Человек этот тоже родился в Шотландии, но на севере, в горах. Его черты и
гладкие черные волосы напоминали о той исторической загадке, которая
зовется "кельтской кровью", хотя она, вероятно, древнее кельтов, кто бы
они ни были. Принадлежал он к клану Макдональдса, но семья его, как
нередко бывает, носила имя одной из ветвей, и звался он Эван Макиэн. Рос
он одиноко, людей почти не видел, воспитан был в католичестве, ибо родился
среди тех немногочисленных католиков, которые остались верны Стюартам; а
очутился на Флит-стрит потому, что ему туманно обещали там какую-то
работу. Перед статуей королевы Анны он обнажил голову, твердо веря, что
это - Дева Мария, и удивляясь, почему прохожие как бы не видят ее. Он не
знал, что в их сердцах запечатлен утешительный и неопровержимый факт: они
так же уверены в том, что эта королева умерла, как уверен он в том, что
жива Царица Небесная. Покинув родные места, он, по случайности, встречал
до сих пор или равнодушных, или лицемерных людей. Если же кто-нибудь
произносил при нем одно из принятых ныне богохульств, он просто не
понимал, что это значит.
На кромке горной страны, где он провел детство и юность, утесы были
причудливы, как тучи, и казалось, что небеса смиренно сошли на землю. На
закате, когда смешивались зелень, золото и пурпур, острова и облака было
трудно различить. Эван жил на границе того и этого мира. Как многие люди,
которые росли рядом с природой и простой сельской утварью, он понял
сверхъестественное раньше, чем естественное. Он знал, что платье Пречистой
Девы - голубое, когда еще не знал, какого цвета шиповник у Ее ног. Чем
дальше уходила его память в сумрачный дом детства, тем ближе подходила она
к тому, что не поддается словам. Явленный взору мир лишь напоминал ему
давнее видение.
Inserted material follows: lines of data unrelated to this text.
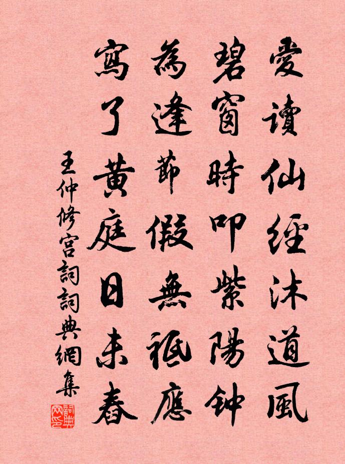 詩詞名句歷史字典書法欣賞書法字典國語詞典說文解字康熙字典古漢語字典標 題 作 者 詩 句 宮詞作者:王仲修 朝代:宋代宮詞原文愛讀仙經沐道風,碧窗時叩紫陽鍾。為逢節假無祗應,寫了黃庭日未舂。詩詞問答問:宮詞的作者是誰?答:王仲修問:宮詞寫於哪個朝代?答:宋代王仲修宮詞書法欣賞宮詞書法作品詩詞推薦孟子憂憂喜喜陳普〔宋代〕骨肉真情出不期,捐階蓋井我何知。風埃滿目間來往,天性曾無一點疵。酒醒彭龜年〔宋代〕世間顛倒事,一切自酒出。醒時清明心,醉後不可覓。醉時顛倒苗,或發醒時實。酒能醉人形,不能醉人心。心儻和翁常之徐照〔宋代〕八尺蘄州桃竹簟,坐來疑是水侵裳。垂楊葉下閒吟久,又與鳴蟬共晚涼。雲仙葛立方〔宋代〕木葉蕭蕭兮雨冥冥,山鬼呼風兮猿夜鳴。巫假神兮驚愚,髡假巫兮乞靈。雲仙來兮瑤席啟,坎坎擊鼓兮拜寒水。雲追念鱅谿老人王炎〔宋代〕交遊大半上青雲,可使斯人竟陸沈。寒日亂山皆慘色,北風古木亦悲吟。傷情空拜丹青像,提耳不聞金玉音。舐墨即目李郢〔唐代〕自笑騰騰者,非憨又不狂。何為跧似鼠,而復怯於獐。落拓無生計,伶俜戀酒鄉。冥搜得詩窟,偶戰出文場。愛雪再和十首蘇轍〔宋代〕歌舞留賓意自多,華燈數問夜如何。白頭病客無才思,慣臥茅檐長薜蘿。歸憩澗亭橋丘葵〔宋代〕雨後溪流深更深,倚欄照見一生心。青山只在橋南北,枉自穿雲渡水尋。子駿運使八詠堂巽堂文同〔宋代〕華堂聳嚴台,地勢側隨水。高臨巽宮上,其取名以是。峨峨寶峰頂,日影正辰已。繚棧入雲林,詰屈如篆字。輕霏留題黃山院楊億〔宋代〕禾黍離離一徑通,遊人攬轡即過從。趁齊綢緞鳥聞疏磬,出定高僧見偃松。夜靜翕燈凝古殿,雨餘岩溜迸前峰。昔三月十八日趙蕃〔宋代〕巴陵一月雨不休,豈惟人病天亦愁。蠶飢麥腐谷種壞,農夫田婦呼天求。巴邑有客方倦遊,杭湖欲歸思具舟。冥冥木蘭花(唐守生日)管鑒〔宋代〕亂花飛絮。卻是一年春好處。留住韶光。共醉蓬萊日月長。翻階紅藥。天上東風傳近約。綠遍庭槐。看取除書一併別聖俞歐陽修〔宋代〕車馬古城隅,喧喧分曉色。行人念歸塗,居者徒慘惻。薄宦共羈旅,論交喜金石。薦以朋酒懽,寧知歲月適。人事夏日三首張耒〔宋代〕棗徑瓜畦經雨涼,白衫烏帽野人裝。幽花避日房房斂,翠樹含風葉葉香。養拙久拚藏姓氏,致身安事巧文章。漢庭曉行釋文珦〔宋代〕寒雞誤客行,躑躅犯霜露。冰凍不生潮,娥江夜難渡。楚中作張俞〔宋代〕渺渺洞庭野,蕭蕭黃鶴樓。水通雲夢浦,人渡沔陽舟。廣澤侵吳壤,孤城接郢丘。山分三楚斷,溪入九江流。寂寞雪作陳元晉〔宋代〕簾卷虛堂曉,兒童笑語嘩。恍疑開月窟,渾是散天花。竹里聞清響,江邊看玉槎。訪梅好興去,著屐過鄰家。題雲居壁韓世忠〔宋代〕芒鞋行杖是生涯,老鬢今年玩物華。為愛雲居松檜好,不須更看牡丹花。憶少年趙彥端〔宋代〕逢春如酒,逢花如露,逢人如玉。東風送寒去,蔚溫溫香縠。海上三山元似粟。試招來、共藏金屋。與君醉千歲,畫堂春盧祖皋〔宋代〕柳黃移上袂羅單。酒醒嬌嚲風鬟。茗甌才試鷓鴣斑。沈炷熏殘。夜雨可無歸夢,曉風何處征鞍。海棠開了尚憑闌。名句推薦邯鄲驛里逢冬至,抱膝燈前影伴身。白居易《邯鄲冬至夜思家》 蓮子已成荷葉老。青露洗、蘋花汀草。李清照《怨王孫·湖上風來波浩渺》 秋聲帶葉蕭蕭落,莫響城頭角!董士錫《虞美人·韶華爭肯偎人住》 死者不可再生,用法務在寬簡。吳兢《貞觀政要·卷八·論刑法》 力田已告成,計日宜收藏。黃燮清《秋日田家雜詠》 記取江湖泊船處,臥聞新雁落寒汀。陸游《夜泊水村》 黃鶯不語東風起,深閉朱門伴舞腰。溫庭筠《楊柳八首·其三》 秋風萬里芙蓉國,暮雨千家薜荔村。譚用之《秋宿湘江遇雨》 夢繞神州路。張元乾《賀新郎·送胡邦衡待制赴新州》 天入平湖晴不風,夕帆和雁正浮空。陳與義《登岳陽樓》
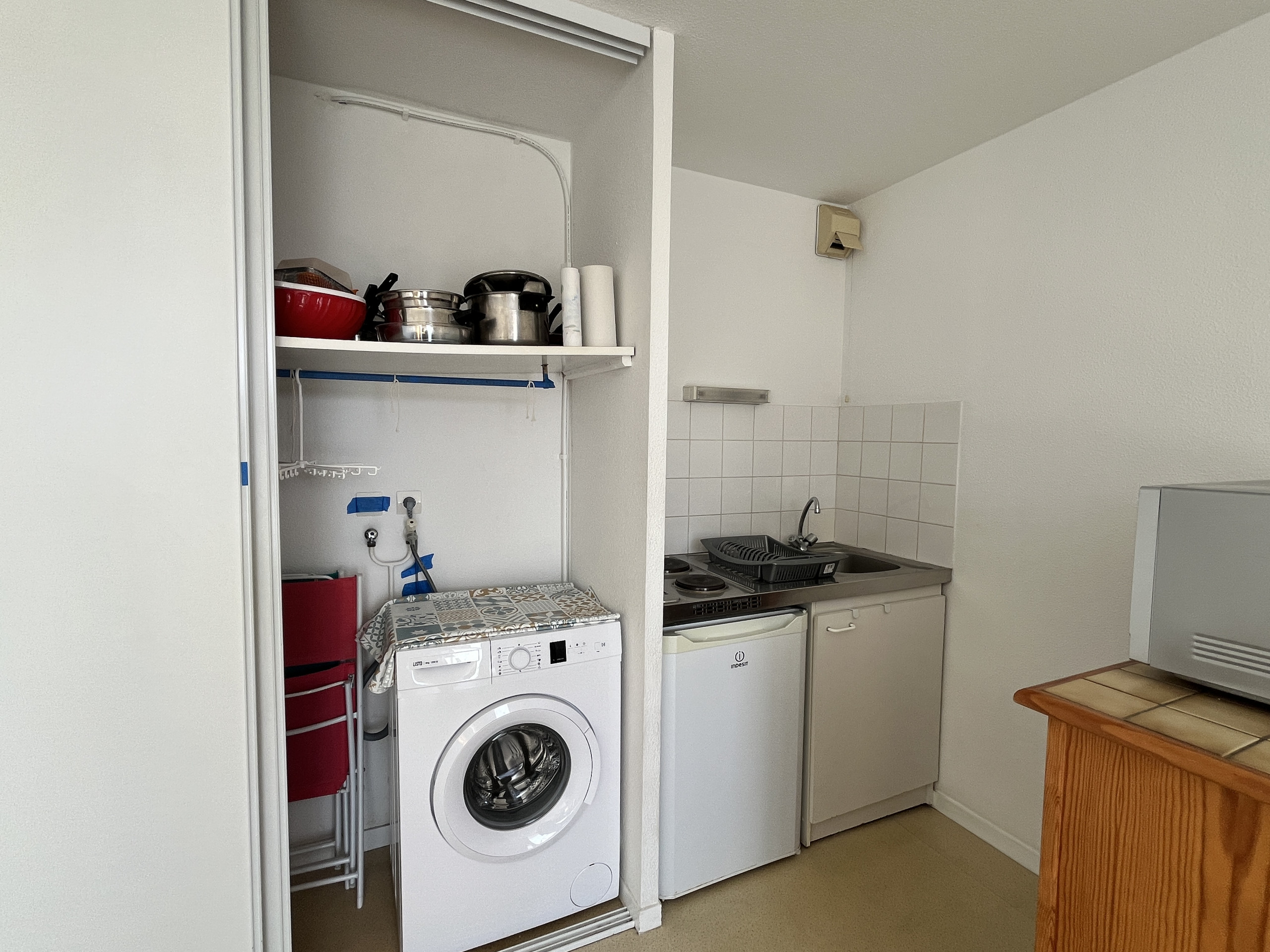 COIN KITCHENETTE : évier - 2 plaques chauffantes électriques - réfrigérateur - lave linge - placards de rangement - vaisselles et ustensiles de cuisine.
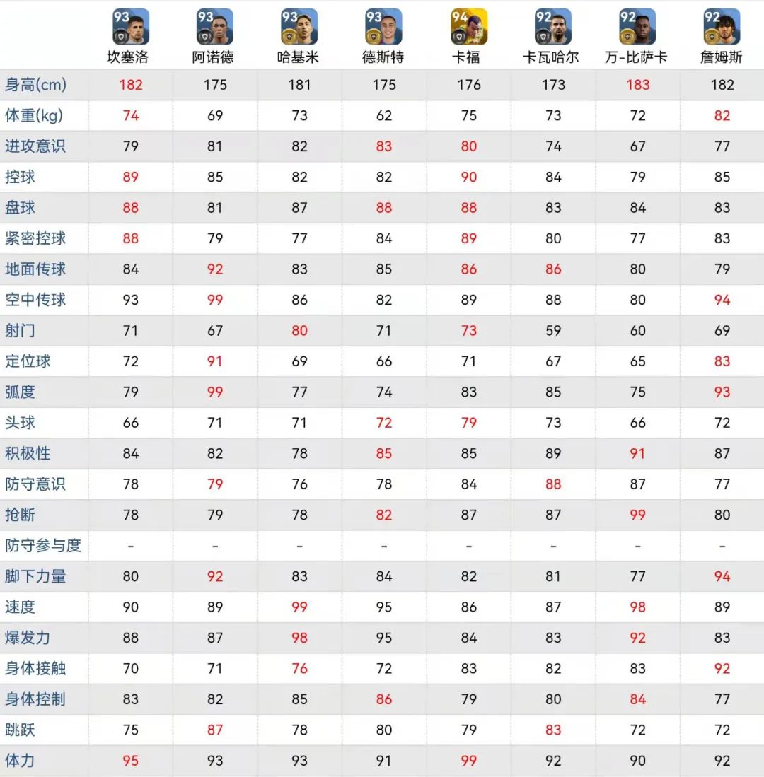 卡福 综合数据还是很强的,控球 盘带能力也是这八大球员里比较突出的,头球能力也是最好的一个,还有超级强大的体能,让他更加完美的进攻和防守来回奔跑。
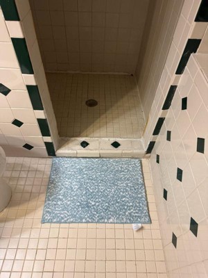 [This review was collected as part of a promotion.] This bathmat is super soft and absorbent. The material on the bottom of the Mac keeps it in place. It doesn’t slip around on the bathroom floor. Love the colors and they match perfectly with my bathroom. The mat dried fairly quickly. I do wish it was a little bit bigger.
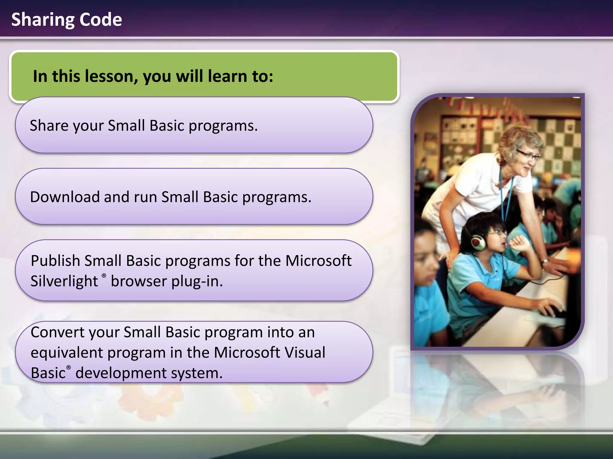 This document discusses how to share Small Basic programs by publishing them online through the Publish button. Others can access published programs using a unique ID and view them online or import them into Small Basic. Programs can also be converted to Visual Basic format using the Graduate button.

Горы и небеса были подобиями рая, звезды - рассыпанными
алмазами Богоматери.
Мирские его убеждения тоже не отличались современностью. Предок его погиб
при Каллодене, твердо веря, что Господь восстановит на престоле истинного
короля. Десятилетний сын этого предка взял страшный палаш из мертвой руки
и повесил на стену, для будущего восстания. Отец нашего героя -
единственный, кто уцелел из их потомства,- отказался встречать королеву
Викторию, когда она посетила Шотландию. Эван был таким же, как они, хотя и
жил в XX веке. Он ни в коей мере не походил на чудаковатого и
трогательного якобита из приключенческих романов; он ощущал себя
заговорщиком, и дело свое - живым. Долгими зимними вечерами, на арисэгских
песках, он курил, размышляя о том, как возьмет приступом Лондон.
Брать Лондон он прибыл один, с сумкой на плече, вооруженный лишь тростью.
Лондон ошеломил его - не испугал, а удивил тем, что похож не на рай, и не
на ад, а на лимб. Однако увидев в небе собор св. Павла, он растрогался и
сказал: "Его построили при Стюартах!" Потом, горько ухмыльнувшись, он
спросил, какой памятник воздвигли себе Ганноверы, и, оглядевшись, выбрал
рекламу патентованного лекарства.
Перед витриной редакции он остановился от нечего делать. Названия газеты
он не увидел, а может быть - не знал такого слова. Как бы то ни было, сама
газета не оскорбила бы невинного жителя гор, если бы он не прочитал ее с
начала до конца, чего еще никто не делал.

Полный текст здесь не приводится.